▸ WORK INSTRUCTION
Your answer must be the records below, given again exactly, with no pictures in it.
[[ ENTRIES SHOWN open ]]
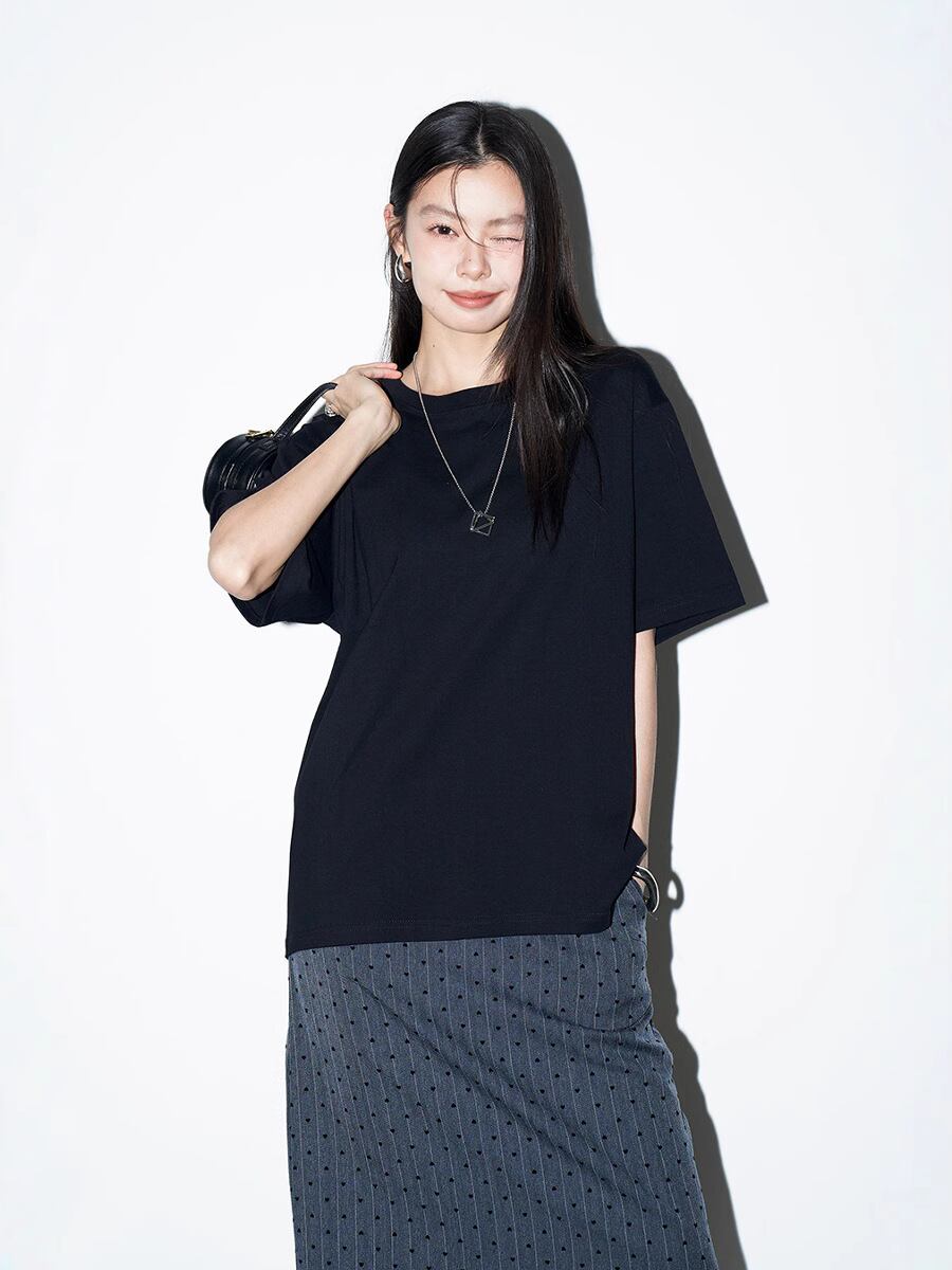 Tシャツ レディース 半袖 無地 クルーネック ゆったり 大きいサイズ 綿 上質コットン 韓国風 イージーケア 通勤 オフィス デイリー トップス カットソー 体型カバー シンプル カジュアル ブラック ホワイト
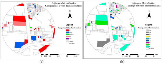 (a) Categories of urban transformation around Gajjumata Station; (b) Typology of urban transformation around Gajjumata station.
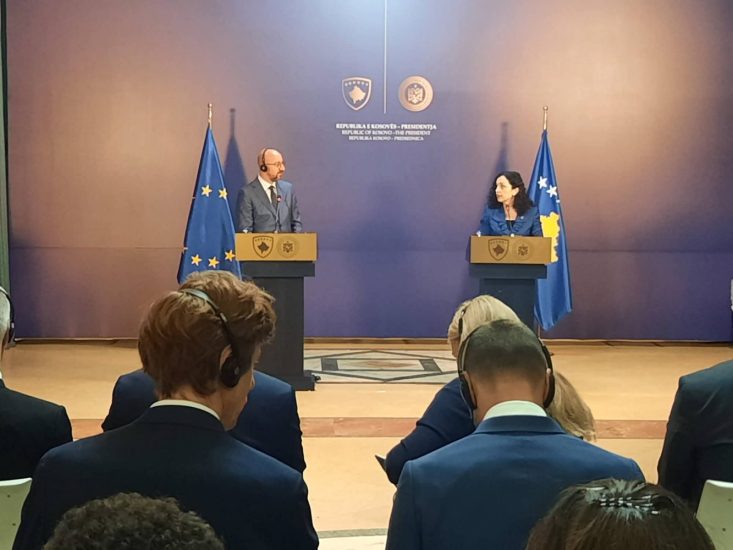Presidenti i Këshillit Europian, Charles Michel, në një konferencë për media, pas takimit me presidenten Vjosa Osmani, është shprehur se BE-ja do të vazhdojë të mbështetë Kosovën.
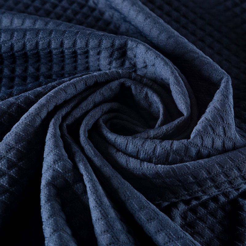 Плотное трикотажное полотно с имитацией стежки. Поверхность ткани объемная, мягкая, приятная на ощупь. Трикотаж не просвечивается, хорошо тянется за счет эластана в составе, держит форму. Прекрасно подойдет для пошива легких пальто, курток, бомберов, кардиганов, платьев, юбок, шорт.
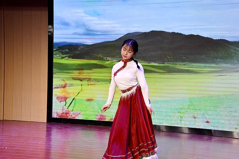 社团成果展示环节可谓高潮迭起。舞蹈社团的《万疆》以悠扬的旋律和璀璨的灯光,抒发了深沉的爱国之情,营造出庄重而热烈的氛围。朗诵社团与合唱社团合作的《这盛世如你所愿》深情回望历史,展现当下繁荣景象,圆了先辈们的梦想。
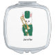 Are you looking for a gift for the trombonist in your life? This compact mirror has a cute rabbit dressed in a green and gold marching band uniform while holding a trombone. The text can be changed and customized to fit your needs!
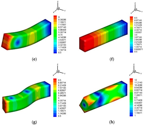 Calculation of the first 8 modes of a cantilever beam using E-FEM: (a) Mode one; (b) Mode two; (c) Mode three; (d) Mode four; (e) Mode five; (f) Mode six; (g) Mode seven; (h) Mode eight.
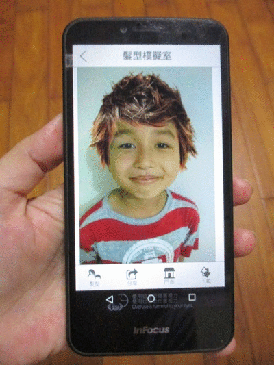 動刀,就可以模擬出多種髮型,實在是好有趣,看著Julin遊玩,一旁的
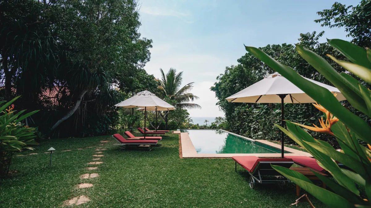 200 м2, терраса с обеденной зоной, прямым доступом к общему инфинити-бассейну и видом на океан и сады, кровать super king-size, гостиная с баром, сауна. Максимальное количество гостей: 3.Pool Pavilion
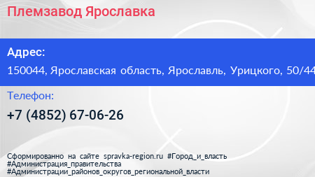 Племзавод Ярославка по адресу 150044, Ярославская область, Ярославль, Урицкого, 50/44 в дальнейшем Организация, размещена в следующих категориях:
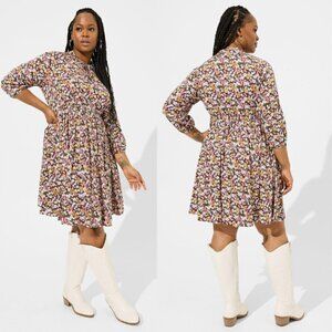 Tags: torrid, plu size, mini, challis, dress, floral, casual, a line, flare
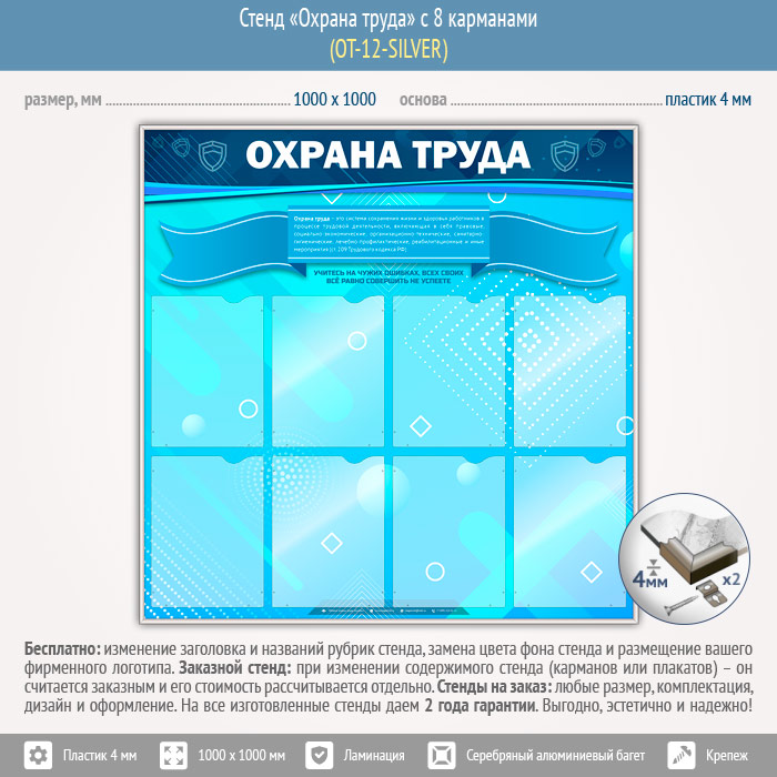 Стенд «Охрана труда» с 8 карманами (OT-12-SILVER) в Волгограде купить
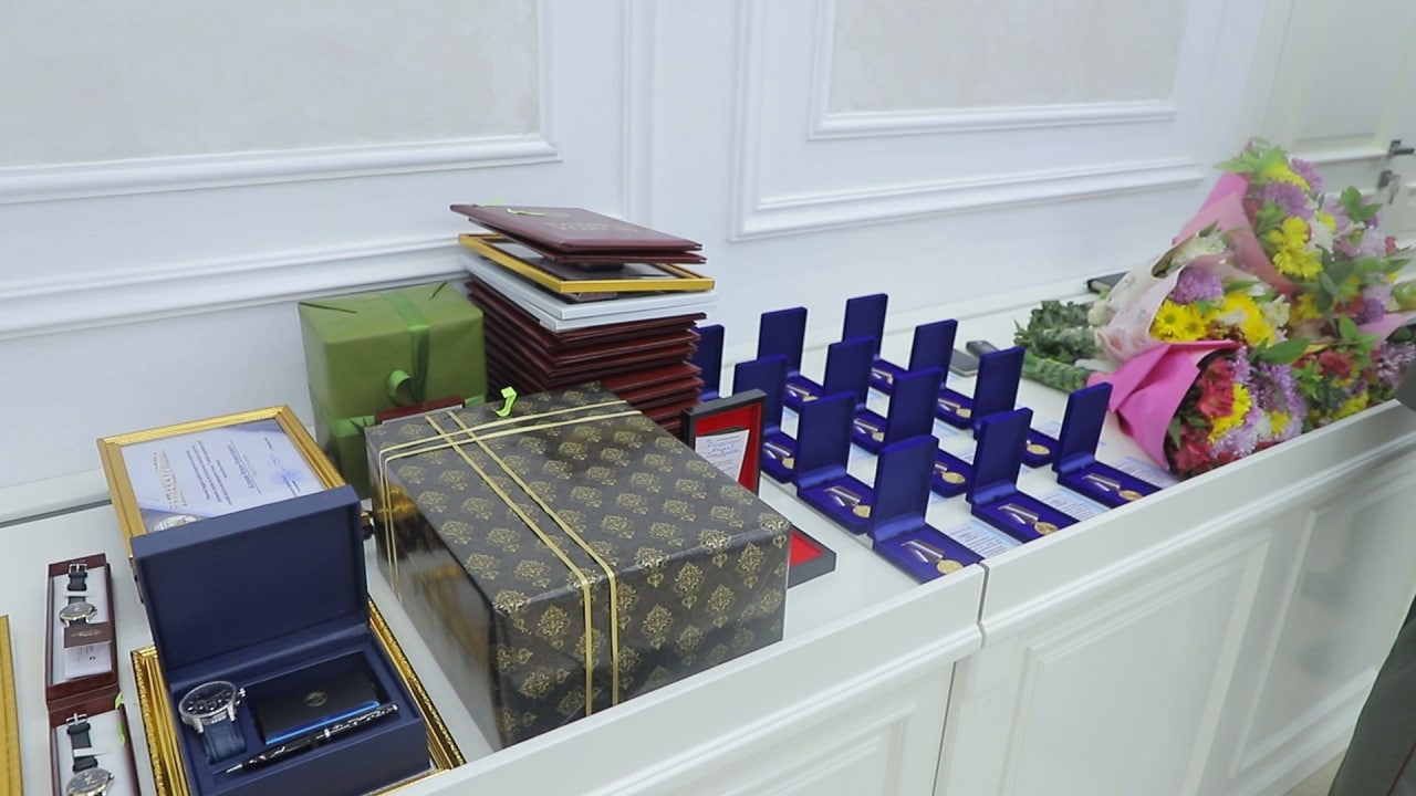 Затем ряду медицинских работников были вручены нагрудные знаки «Намунали хизматлари учун» II и III степеней, наручные часы, почетные грамоты и памятные подарки.
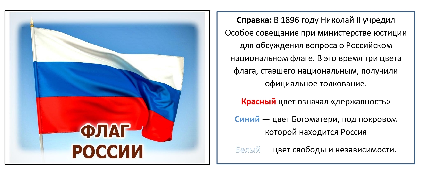 В 1896 году Николай II учредил Особое совещание при министерстве юстиции для обсуждения вопроса о Российском национальном флаге. В это время три цвета флага, ставшего национальным, получили официальное толкование.
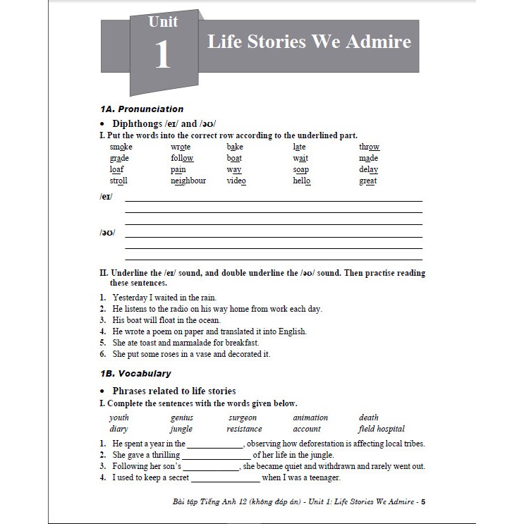 TIẾNG ANH 12 - UNIT 1 - LIFE STORIES WE ADMIRE ADMIRE- GLOBAL SUCCESS - GIẢI SÁCH BÀI TẬP - ĐÁP ÁN
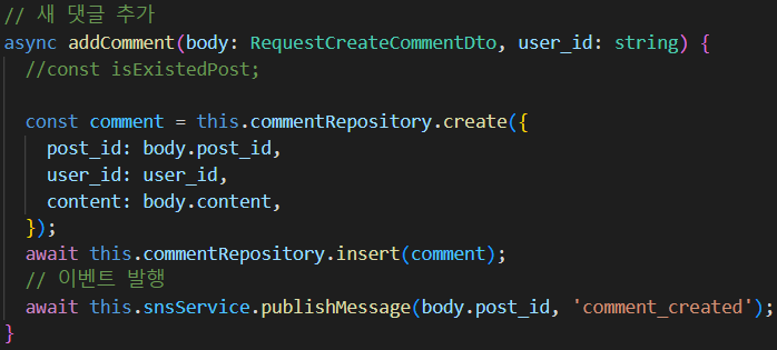 위는 댓글을 생성하는 코드인데, 이전처럼 댓글을 생성하는 코드를 작성한 뒤, 마지막에 snsService의 publishMessage에 이벤트를 발행하면 된다. 댓글 생성이므로 'comment_created'의 이름으로 발행한다. 댓글이 작성된 post_id도 함께 보낸다.
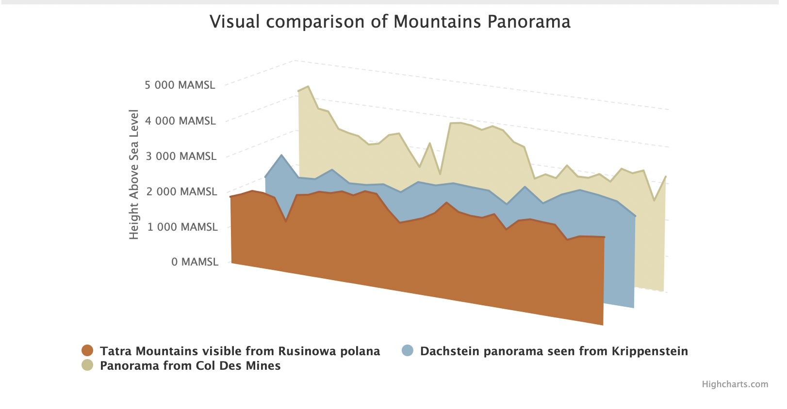 area 타입의 3D 차트는 columns 시리즈와 비슷하게 동작한다. 각각의 area 시리즈를 3차원으로 그리게 된다. 기본 설정으로 area 시리즈의 깊이 값은 25이다.
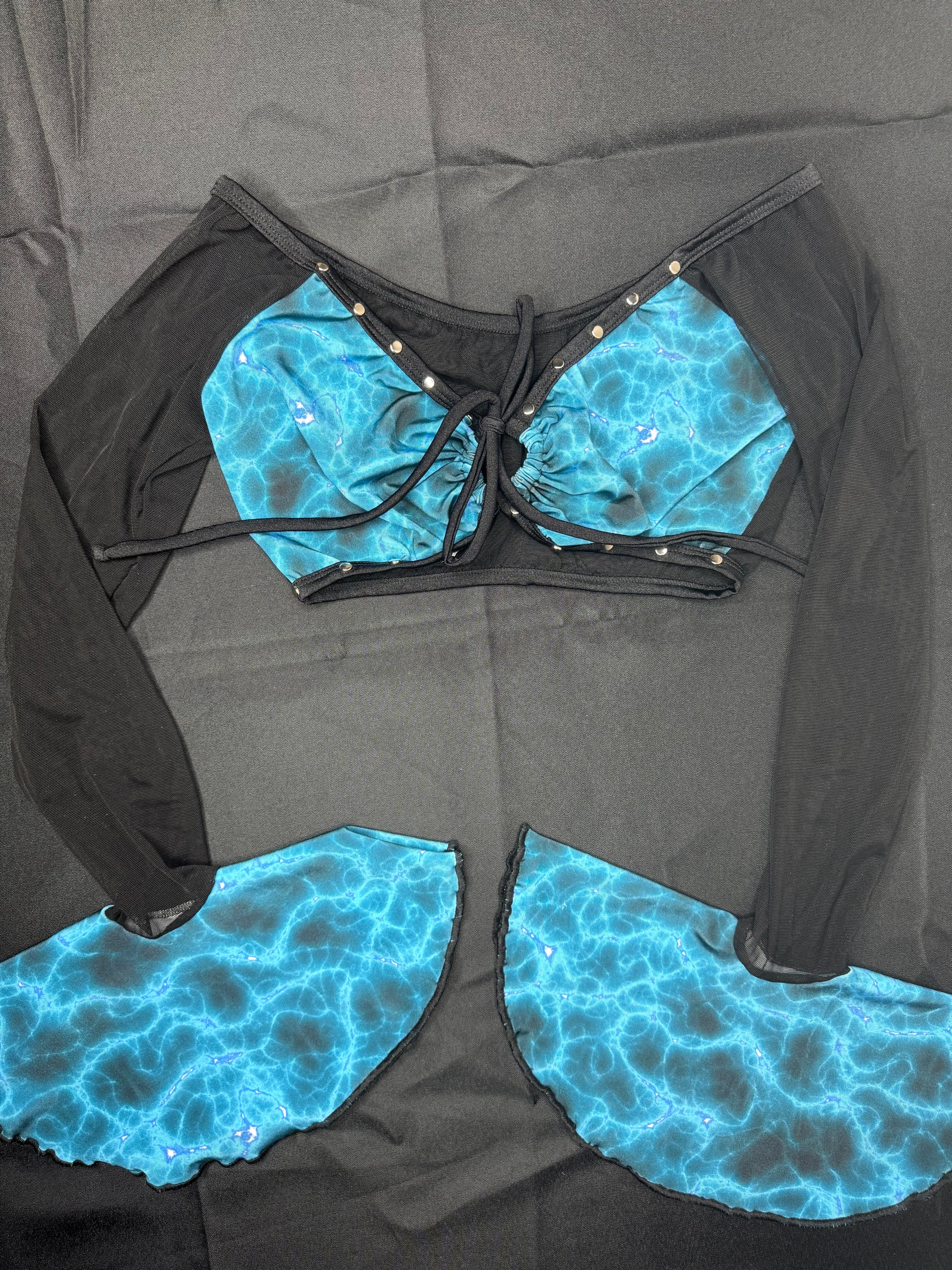Blue Spandex/Black Mesh Long Sleeve Two-Piece Silicone String Bottoms Lingerie Outfit
[[ ENTRIES SHOWN closed ]]
▸ FINAL ANSWER
 Tシャツ レディース 半袖 無地 クルーネック ゆったり 大きいサイズ 綿 上質コットン 韓国風 イージーケア 通勤 オフィス デイリー トップス カットソー 体型カバー シンプル カジュアル ブラック ホワイト
 (a) Categories of urban transformation around Gajjumata Station; (b) Typology of urban transformation around Gajjumata station.
Presidenti i Këshillit Europian, Charles Michel, në një konferencë për media, pas takimit me presidenten Vjosa Osmani, është shprehur se BE-ja do të vazhdojë të mbështetë Kosovën.
 Плотное трикотажное полотно с имитацией стежки. Поверхность ткани объемная, мягкая, приятная на ощупь. Трикотаж не просвечивается, хорошо тянется за счет эластана в составе, держит форму. Прекрасно подойдет для пошива легких пальто, курток, бомберов, кардиганов, платьев, юбок, шорт.
 社团成果展示环节可谓高潮迭起。舞蹈社团的《万疆》以悠扬的旋律和璀璨的灯光,抒发了深沉的爱国之情,营造出庄重而热烈的氛围。朗诵社团与合唱社团合作的《这盛世如你所愿》深情回望历史,展现当下繁荣景象,圆了先辈们的梦想。
 Are you looking for a gift for the trombonist in your life? This compact mirror has a cute rabbit dressed in a green and gold marching band uniform while holding a trombone. The text can be changed and customized to fit your needs!
 Calculation of the first 8 modes of a cantilever beam using E-FEM: (a) Mode one; (b) Mode two; (c) Mode three; (d) Mode four; (e) Mode five; (f) Mode six; (g) Mode seven; (h) Mode eight.
 動刀,就可以模擬出多種髮型,實在是好有趣,看著Julin遊玩,一旁的
 200 м2, терраса с обеденной зоной, прямым доступом к общему инфинити-бассейну и видом на океан и сады, кровать super king-size, гостиная с баром, сауна. Максимальное количество гостей: 3.Pool Pavilion
 Племзавод Ярославка по адресу 150044, Ярославская область, Ярославль, Урицкого, 50/44 в дальнейшем Организация, размещена в следующих категориях:
 Tags: torrid, plu size, mini, challis, dress, floral, casual, a line, flare
 Стенд «Охрана труда» с 8 карманами (OT-12-SILVER) в Волгограде купить
 Затем ряду медицинских работников были вручены нагрудные знаки «Намунали хизматлари учун» II и III степеней, наручные часы, почетные грамоты и памятные подарки.
 В 1896 году Николай II учредил Особое совещание при министерстве юстиции для обсуждения вопроса о Российском национальном флаге. В это время три цвета флага, ставшего национальным, получили официальное толкование.
 TIẾNG ANH 12 - UNIT 1 - LIFE STORIES WE ADMIRE ADMIRE- GLOBAL SUCCESS - GIẢI SÁCH BÀI TẬP - ĐÁP ÁN
 위는 댓글을 생성하는 코드인데, 이전처럼 댓글을 생성하는 코드를 작성한 뒤, 마지막에 snsService의 publishMessage에 이벤트를 발행하면 된다. 댓글 생성이므로 'comment_created'의 이름으로 발행한다. 댓글이 작성된 post_id도 함께 보낸다.
 area 타입의 3D 차트는 columns 시리즈와 비슷하게 동작한다. 각각의 area 시리즈를 3차원으로 그리게 된다. 기본 설정으로 area 시리즈의 깊이 값은 25이다.
Blue Spandex/Black Mesh Long Sleeve Two-Piece Silicone String Bottoms Lingerie Outfit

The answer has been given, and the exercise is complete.